As Bushnell’s star rose, the writer ran into Tarses and her boyfriend, David Letterman’s executive producer Robert Morton, in the Hamptons. Bushnell was Rollerblading when the couple pulled up next to her, as she remembers it, in a cherry-red Mercedes convertible. “Jamie wants to buy ‘Sex and the City,’?” Morton told Bushnell. “ABC’s really interested.” The pursuit was on.

But others were wooing Bushnell for the “Sex and the City” rights as well. One of Galotti’s friends, Richard Plepler—senior vice president of communications at HBO—also thought the column would be a perfect fit for his pay-cable network.
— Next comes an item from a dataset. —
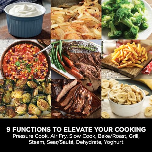 - 9 Cooking Functions: Enjoy versatility with Pressure Cook, Air Fry, Slow Cook, Steam, Bake/Roast, Sear/Sauté, Grill, Yoghurt, and Dehydrate settings. Perfect for a wide range of recipes, from stews to crispy fried treats.

Bushnell and Plepler often saw each other at the stretch of shoreline called Media Beach in the Hamptons, and every time, he’d urge her to come to a meeting at HBO.

• • •

Cable seemed like a better fit for Sex and the City, given its similarities to another book that started as a newspaper column, then became a critically acclaimed series for PBS and, later, cable network Showtime: Armistead Maupin’s Tales of the City. In fact, that Publishers Weekly review that called Sex and the City “brain candy” also referred to Maupin’s 1978 collection of San Francisco Chronicle columns that followed young, single people of various sexual orientations in the liberated city: “The effect is that of an Armistead Maupin–like canvas tinged with a liberal smattering of Judith Krantz,” the reviewer wrote.
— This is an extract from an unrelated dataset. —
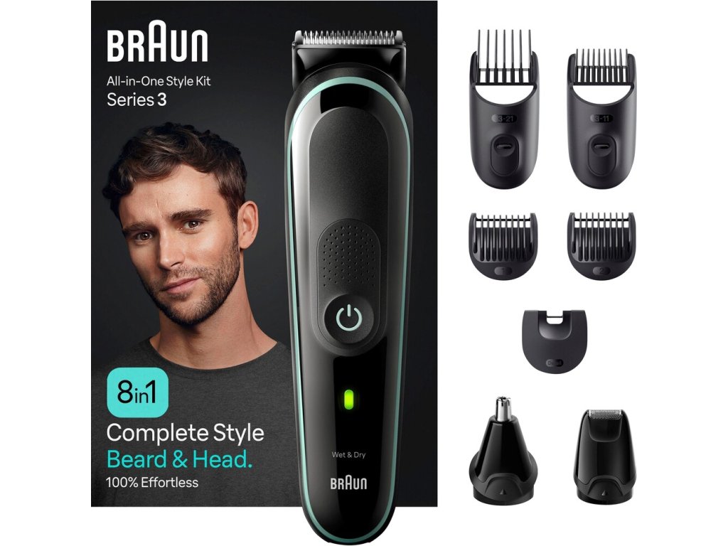 Braun All-in-one Style Kit S3 (MGK3441) - multifunkčním zastřihovačem Braun All-in-one Style Kit S3 získáte kompletní sadu pro úpravu vlasů, vousů a chloupků na těle. Model MGK3441 je akumulátorový a po plném nabití nabízí až 80 minut bezdrátového provozu, takže se nemusíte omezovat kabelem.

Tales of the City had become a television miniseries around the same time “Sex and the City” debuted as a column; it premiered in the UK in 1993 and in the United States on PBS in 1994. The series took on issues well ahead of its time for TV, with extramarital affairs, sex, several gay love affairs, and a major transgender character. But like Sex and the City after it, Tales’ true message came down to the importance of friendship in a major metropolitan area. It also highlighted a different kind of love affair that Sex and the City would also emphasize: the relationship between a city and its denizens.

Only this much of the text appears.